Я с гордостью пожимаю ее, взволнованный его неожиданным благоволением.
– Спасибо тебе, Огюстен. Пройди в соседнюю комнату, пусть Мартине запротоколирует твои показания. А я иду в кабинет следователя.
Осчастливленный его благодарностью, я забываюсь, и у меня невольно вырывается:
– В тот самый, что пропах кошачьей мочой?
Он несколько секунд печально смотрит мне в глаза, отдергивает руку, отступает на шаг, вспоминает, что всегда держал меня за дебила, и тяжко вздыхает.
Выходя в коридор, он бормочет, не оборачиваясь:
– Счастливо!
И захлопывает дверь.
Ну вот… Я, как всегда, хотел поразить аудиторию, а в результате только закрепил в ее сознании свой имидж никчемного дурака. Реакция Терлетти – квинтэссенция того единственного чувства, которое моя особа вызывает у окружающих: полное равнодушие, временами окрашенное презрением.
Утром, когда я прихожу в редакцию «Завтра», там дрожат стены: Пегар устроил один из своих гомерических разносов, которых так страшится персонал, ибо они всегда выливаются в оскорбления, выволочки, а в худшем случае – и в немедленное увольнение.
Скудная шевелюра Пегара встала дыбом, лицо налилось кровью, он яростно орет на сотрудников: тираж газеты опустился до прежнего уровня, тогда как господин директор уже принял выросшие продажи за новую норму. Мало того, поскольку средства массовой информации отзывают свои бригады, присланные в Шарлеруа по случаю теракта, он предвидит, что в результате этого отлива «Завтра» снова впадет в свою провинциальную ко́му. И он неистовствует, бушует, жестикулирует, надрывается, задыхается, возмущается, подозревает, обличает и брызжет слюной, воображая, что его гнев изменит дело к лучшему.
Недавний скачок продаж, который Пегар отрицал в разговоре со мной, он теперь приписывает себе, утверждая, что это только его личная заслуга; он уже забыл, что именно я практически надиктовал ему статьи: одну про папашу Бадави, вторую – о врачах-паникерах, испуганных масштабами теракта.

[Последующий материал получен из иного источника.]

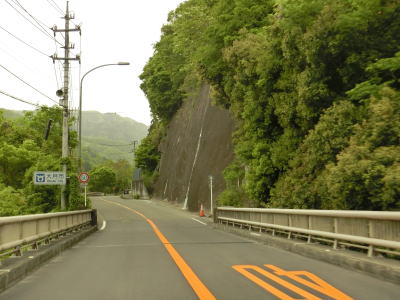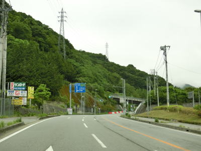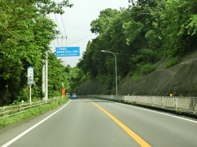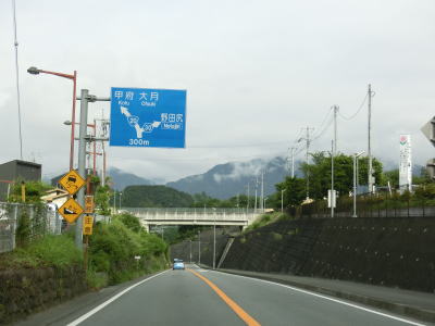 | 山梨r507交差点を過ぎてすぐに左にカーブしてJR中央本線の上を鳥沢橋で越える。桂川の左岸を走っていると左カーブを曲がって大呼戸橋で谷田川を渡って大月市に入る。市境の手前で雨量通行規制区間の起点を通過する。 | ||

– Вот уже тридцать лет я нянчусь с этой газетой, – голосит он, воздевая к потолку свои жирные руки, – вдыхаю в нее жизнь, даю вам средства к существованию, а вы – чем вы мне платите? Ничем! Ни одной конструктивной мысли! Ни одного дельного предложения! Никакого стремления к будущему! Вы цепляетесь за прошлое, вы мертвецы!
При слове «мертвецы» на пороге возникает семилетняя девочка со светлыми косичками. Прислонившись к косяку, она оглядывает нас. Никто, кроме меня, ее не замечает. Поздоровавшись со мной кивком, она оценивает ситуацию и с удовольствием слушает своего бушующего папашу, презрительно игнорируя испуганно застывших сотрудников.
– Ну, что вы молчите? Вы годны только на то, чтобы заниматься рутиной? Если так будет продолжаться, я уж позабочусь, чтоб вместо нашей рутины вы стояли в очереди на бирже труда!
Я поднимаю руку.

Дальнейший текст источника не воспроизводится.